Mugabe’s ‘Reichstag fire’?

Events in Zimbabwe took an ominous turn today as Robert Mugabe’s regime claimed that the air force commander, Air Marshal Perence Shiri, had been the victim of an assassination attempt. With the collapse of mediation talks, the always-fragile power-sharing agreement is effectively dead and indications suggest the regime is preparing an all-out offensive against the democratic opposition.

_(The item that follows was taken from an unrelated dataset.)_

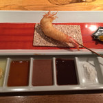 在开始使用食べログ之前,我曾两次访问过这家餐厅,但之后已经有很长一段时间没有来了。这次我们提前预订并前来用餐,被引导到了桌子上。当我到达时,餐厅里座无虚席。首先,他们给我们端来了沙拉和各种酱料。我们先来一杯生啤酒干杯。周围的氛围有点喧闹,不太宁静,与安静地享受葡萄酒的氛围完全不同。串炸是美味的,从虾串开始,最后以芝士串结束。在此期间,大约有20种不同的串炸上桌。每一种都很美味,但我特别喜欢豌豆饼串炸,简直美味到了极致。食物的分量相当大,吃得非常饱。实际上,我本想更慢地享受葡萄酒的,但是...

Tendai Biti, secretary general of the Movement for Democratic Change, fears that the regime will use the incident, in which Shirii was reportedly shot in the hand, as a “Reichstag” excuse to suppress all opposition. “Mugabe can kill two birds with one stone,” Biti said. “He can use it as a way of attacking us, and then attacking whatever faction of ZANU-PF he wants to decimate.”

A leading member of the Joint Operations Command, the security service hard-liners currently guiding Mugabe, Shiri is deeply implicated in recent atrocities. He is also Mugabe’s cousin and headed the North Korean-trained Fifth Brigade that perpetrated the Ndebele massacres of between 8,000-20,000 civilians from 1982 and 1987.

Opposition forces have faced incrementally growing repression over recent weeks.  A march by several hundred civil society activists of the National Constitutional Assembly (NCA) was attacked by police using tear gas and dogs. International labor unions condemned the arrests and beatings of more than 48 union activists, including the arrest of Wellington Chibebe, Secretary General of the Zimbabwe Congress of Trade Unions.

Other activists have been quietly spirited away or ‘disappeared’ in a manner eerily reminiscent of Latin America’s worst military dictatorships.

Where is Jestina Mukoko? asks Norman Geras, a British blogger who has written consistently and intelligently on the crisis in Zimbabwe. Mukoko resigned from state television to lead the Zimbabwe Peace Project, a human rights monitoring network. He links to this report detailing abductions of Zimbabwean human rights activists and to this story detailing the circumstances of Mukoko’s abduction:

She has collected evidence of tens of thousands of abuses in the past decade. Her monthly reports have detailed the routine tyranny of violence, the shortage of food and the denial of free speech that characterise Zimbabwean life today, particularly in rural areas.

Mukoko pioneered the use of information technology to map Zanu-PF’s attacks on its opponents. Before elections last March she presented her findings publicly in a Harare hotel. She knew her audience included members of the CIO but nevertheless set out patterns of violence in the 2002 and 2005 elections and predicted where trouble would occur in 2008.

The places she identified – such as Manicaland and Masvingo provinces – were indeed subjected to Zanu-PF campaigns of mass eviction, communal beating and murder. Opposition figures believe much of Zimbabwe’s current tragedy might have been avoided if international observers had followed her advice and gone to such trouble spots.

Mukoko has been an outspoken critic of Zimbabwe’s system of supplying food. Her analysis shows food is supplied to those showing loyalty to the ruling party and is denied to opposition supporters.